17. This tendency to subvert indirect in favor of direct methods is greatly aggravated by two more modern developments: teachers becoming employees of educational establishments who are held "responsible" for their students' progress (see McClintock 1982) and "evaluation" techniques geared to outward performance.
18. For instance, the Cambridge Platonist Ralph Cudworth writing in the late 1600's noted that "knowledge was not to be poured into the soul like liquor, but rather to be invited and gently drawn forth from it; nor the mind so much to be filled therewith from without, like a vessel, as to be kindled and awakened." (1996, 78) Cudworth also saw clearly the active nature of learning: "knowledge is an inward and active energy of the mind itself, and the displaying of its own innate vigour from within, whereby it doth conquer, master, and command its objects... ." (73)

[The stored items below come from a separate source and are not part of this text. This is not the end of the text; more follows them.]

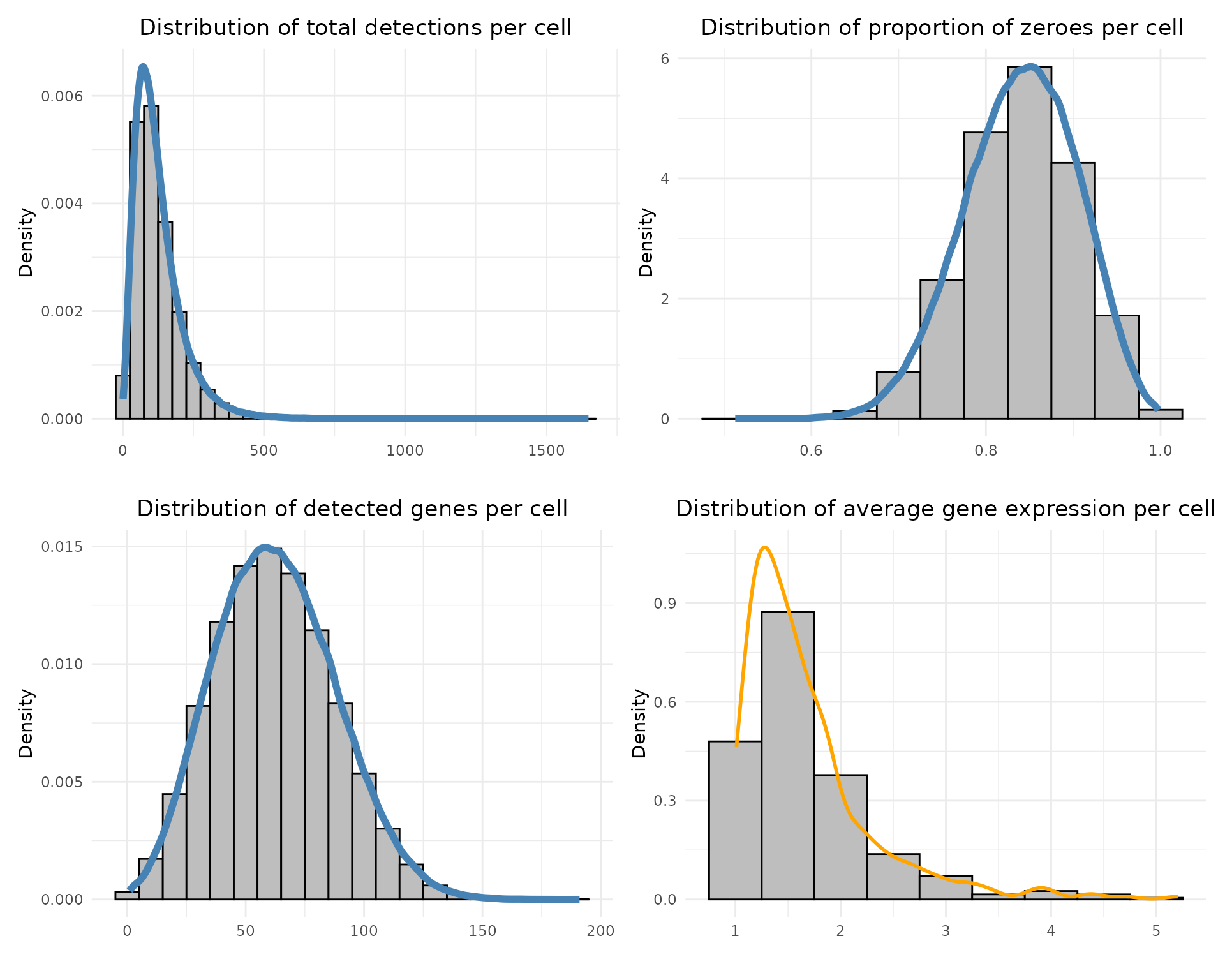 These summary plots characterise per-cell detection counts and sparsity. We can calculate per-cell and per-gene summary statistics from the counts matrix:
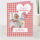 This version has desaturated gingham check on back of card- strawberry instead of bright red.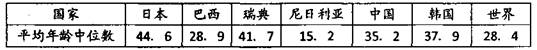 材料三:年龄中位数指将全体人口按年龄大小的自然顺序排列时居于中间位置的人的 年龄数值。年龄中位数是一种位置的平均数,它把人口分为两个数目(按年龄)相等的部 分,一半在中位数以上,一半在中位数以下。下表示意2010年部分国家及世界人口平均年龄中位数(单位:岁)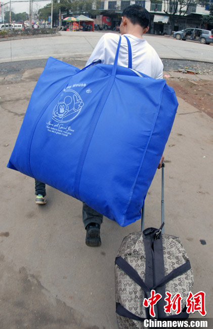 过年了,是回家团聚团圆的传统节日。湖南省安仁县外出打工的近10万农民工陆续回家过春节。走进城乡到处可见一道“包”织成的风景线:他们个个手提着包,肩挑着包,背扛着包,头顶着包,大大小小的包內,装着收获,装着喜悦,装着幸福,奔走在回家的路上。透过那形形色色的大包小包,让人看到了浓浓的亲情,深深的乡情在传统的习俗中延伸升华,别有一番风味。何炳文 摄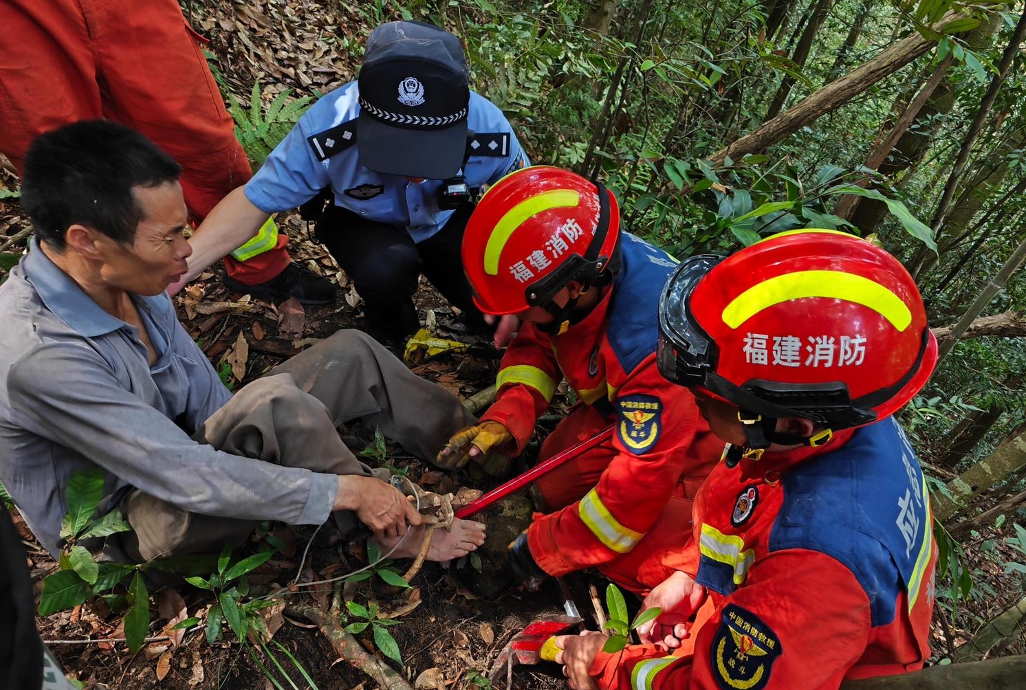 7月20日上午,德化县盖德镇鬼腔口往北4公里处两名男子为采摘红菇走进崎岖的山林,不料其中一人被捕兽夹“咬”住。8时25分,德化县龙浔消防救援站接到报警后立即派员赶赴现场进行救援。

19. This can't-push-on-a-string asymmetry was reflected in our previous discussion of extrinsic and intrinsic motivation. Extrinsic motivation can override and crowd out intrinsic motivation to control behavior, but removing the former will not automatically supply the latter. One cannot extrinsically bring about intrinsically-motivated action just as opening a faucet cannot itself supply water pressure. The oft-repeated ("war-horse") metaphor for this insight is: "[W)hile we may lead a horse to water we cannot make him drink" (Dewey 1916, 26).